Jim felt a cool rush run down his spine in fear of what he was about to tell his mother. It was as though he were about to challenge a massive beast that could already beat him before he began. Jim, the youngest of his family, was never really like the rest of his brothers. While they wanted to rough-house after dinner and wrestle, Jim preferred to read and write. He was not a rough-and-tough boy and never wanted to be a cowboy like the rest of his brothers after watching Bonanza on the television. Jim had a softer complexity and a face full of kindness. It seemed that no matter how much he grew up he kept a baby-face impression with soft cheeks and a kind smile. Now, here he was getting ready to face his biggest fear and what he expected to be his biggest opponent.
He took in a deep breath and uttered the phrase, “I’m gay” to the person he loved and trusted the most.
His mother stopped what she was doing as though her whole body had locked up except for her eyes. She looked up at Jim and stared at him as though he had just told her a dirty joke.
“You’re what?” she asked in a tone that showed little love or mercy.
Jim hesitated, clinging to a worn old farmers hat he wore when he helped his dad, and he repeated, “I’m gay.”
Without a word or pause his mother arose from her seat, pounding with anger in each step.
Jim stepped back fearful of what he had done. The room seemed to spin as the walls closed in on all sides, eventually crushing him in, yet at this moment that seemed to be a better alternative than having to deal with the consequences of what he had just said. But there was no going back; he must commit now.
His mom walked past him, grabbed her Bible, and turned a few pages.
“Kids, come in here!” she yelled without patience. Quickly, all eleven other children paced into the small living room and lined up in front of her.
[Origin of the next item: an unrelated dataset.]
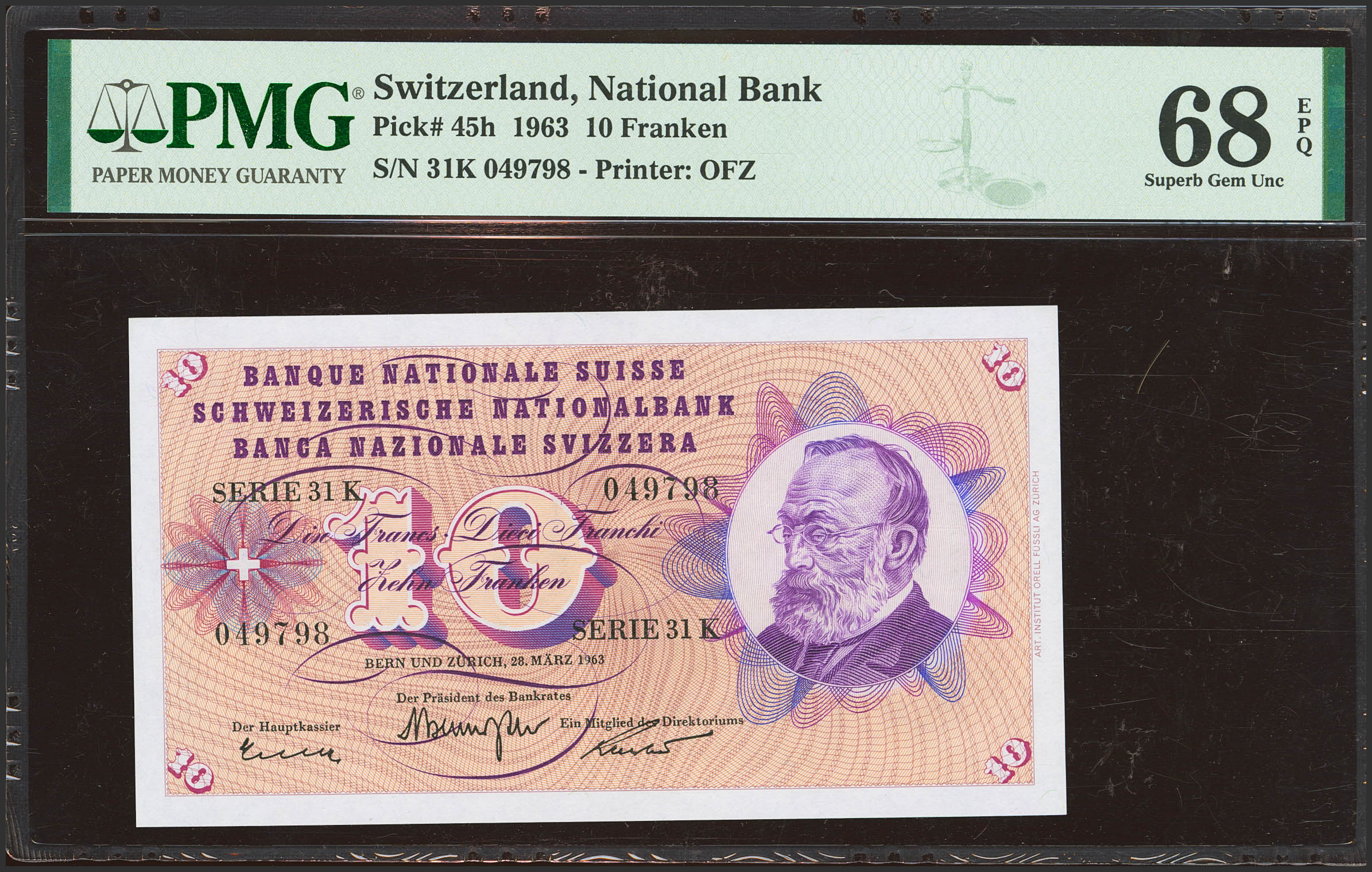 SWITZERLAND. 10 Franken. 28 March 1963. (Pick: 45h). PMG68EPQ.
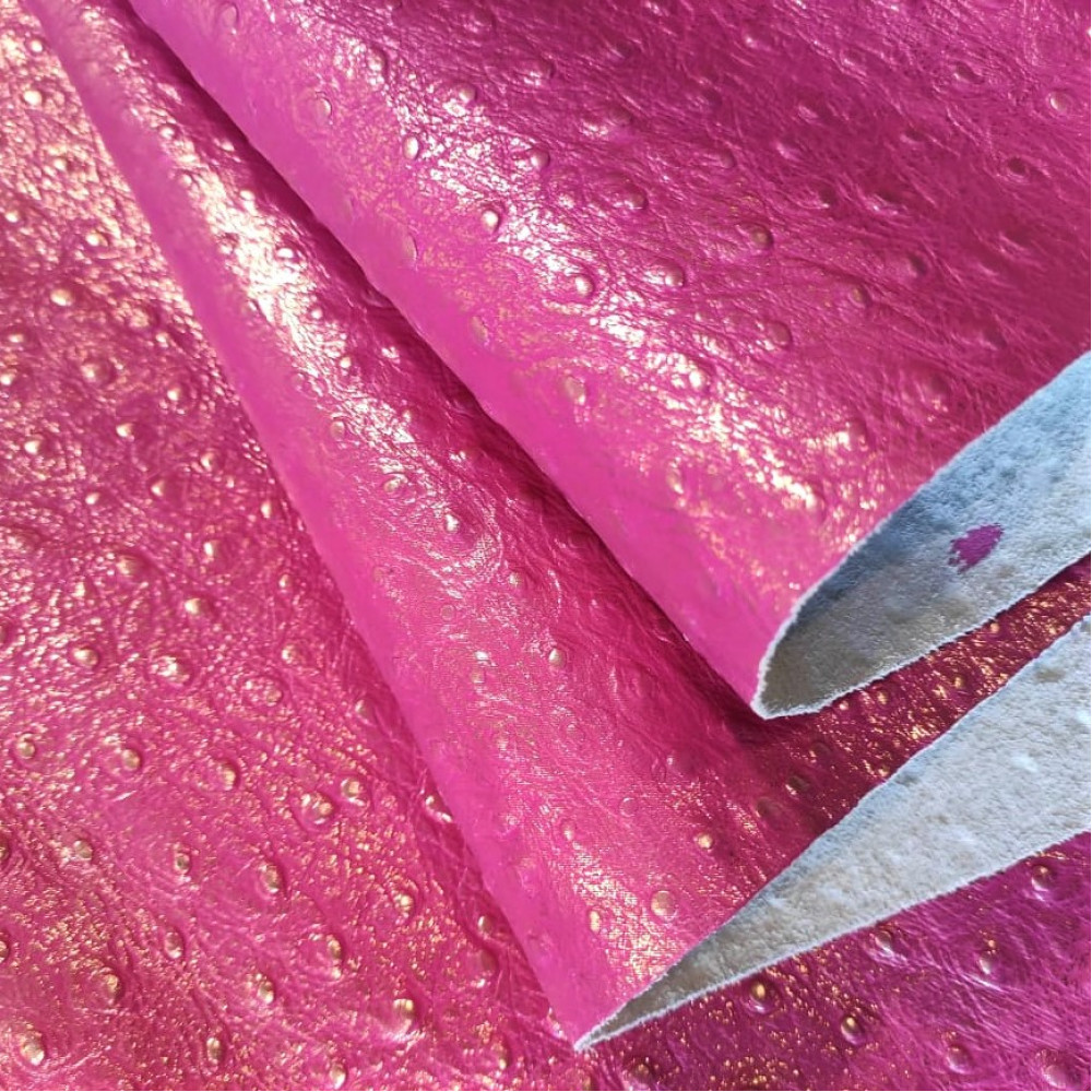 Кожа натуральная КРС хромового дубления с тиснением под страуса. Кожа тонкая, плотная, в меру мягкая. Лицо гладкое, матовое с сатиновым блеском, сияющее покрытие.

“Your brother Jim has told me something incredibly disturbing. He’s going to share some passages with you all.”
She placed her Bible in his lap and pointed at Leviticus 4:13, “Read it,” she said with no room for a fight. Jim’s eyes began to tear as the back of his throat closed in.
“Read it!” she yelled louder, making all of the kids jump.
Jim opened his mouth but couldn’t make any sound come out. It was as though he was choking on moth balls lodged in the back of his throat. No words could come out as he sat confused and scared in front of his brothers and sisters who stared at him only partially comprehending the situation.
She turned to her oldest daughter, my mother, and pointed out the door to the dogwood tree. “Go get a switch,” she said.
Jim’s entire body went numb at the phrase — a phrase he and all of his siblings feared most of all. Suddenly, all of Jim’s emotions let out as he sobbed, wailing not at the fear and pain that was to come but the embarrassment and regret of having shared his deepest secret with his mother only for her to turn back in harm. As he crumpled to the floor, he felt a wound in his back as she hit him with the switch. Each swing brought a fresh spasm of pain as he buckled in agony. By the time she was finished, Jim had lines of welts that looked as though a cat had clawed the entirety of his back without relent.
She stepped back from Jim with a void expression.
“I do this because I love you,” she said.
“Now, go wash up, dinner will be ready soon,” she added as though nothing had just occurred.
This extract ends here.